- _Provided material_
________________

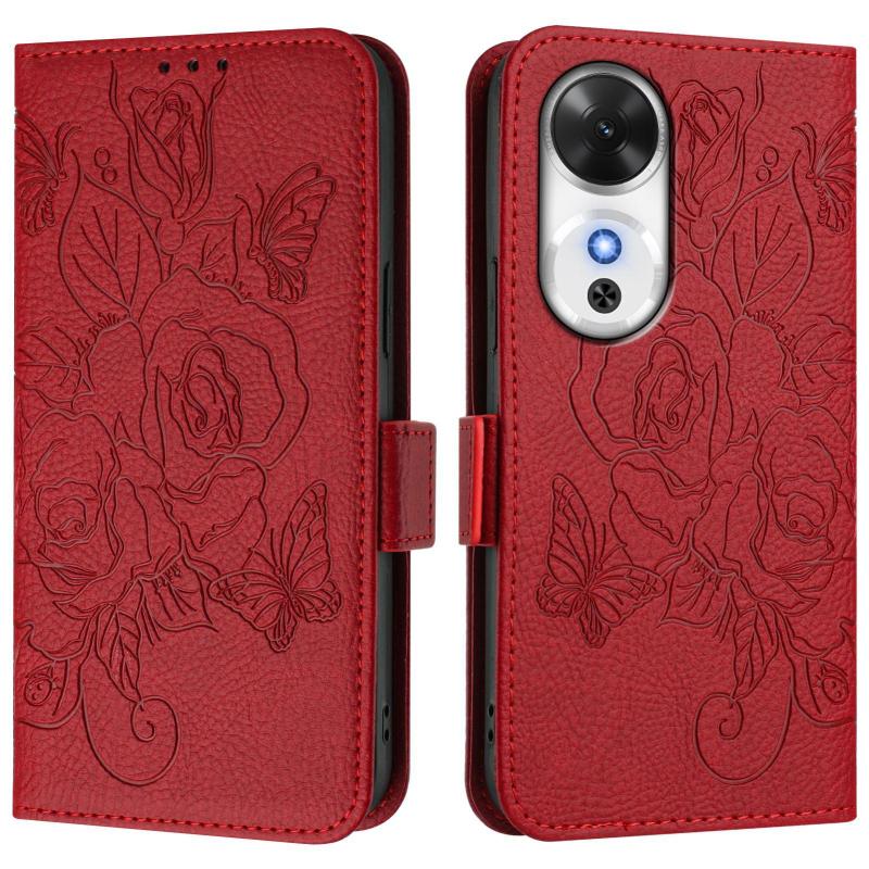 For Honor Play 60 5G Embossed Rose RFID Anti-theft Leather Phone Case(Red)
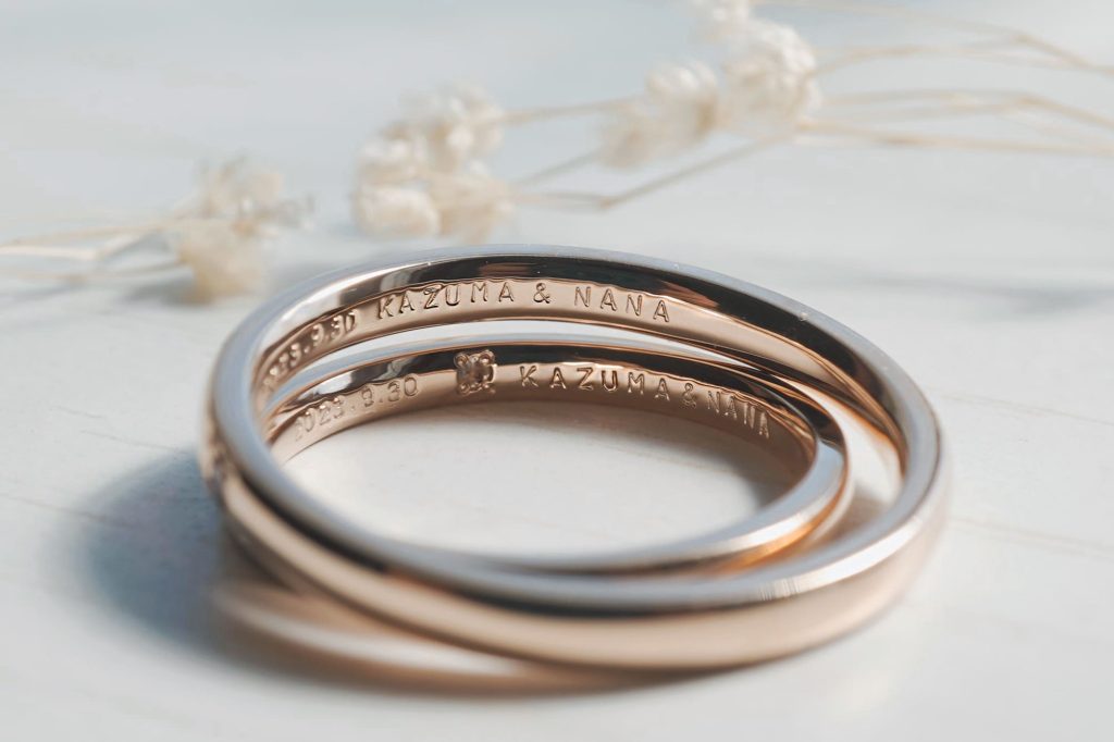 内側はおふたりの記念日とお名前を打刻にて刻印されています。
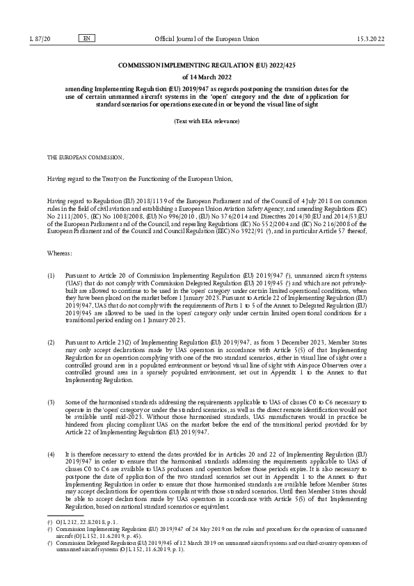 COMMISSION IMPLEMENTING REGULATION (EU) 2022/425 of 14 March 2022 amending Implementing Regulation (EU) 2019/947 as regards postponing the transition dates for the use of certain unmanned aircraft systems in the ‘open’ category and the date of application for standard scenarios for operations executed in or beyond the visual line of sight

________________

- _What needs to be done_
Starting at the line that contains "内側はおふたりの記念日とお名前を打刻にて刻印されています。", write out exactly each line through the last one in the listing above, leaving out the pictures and adding nothing else.

- _Answer space_
 内側はおふたりの記念日とお名前を打刻にて刻印されています。
 COMMISSION IMPLEMENTING REGULATION (EU) 2022/425 of 14 March 2022 amending Implementing Regulation (EU) 2019/947 as regards postponing the transition dates for the use of certain unmanned aircraft systems in the ‘open’ category and the date of application for standard scenarios for operations executed in or beyond the visual line of sight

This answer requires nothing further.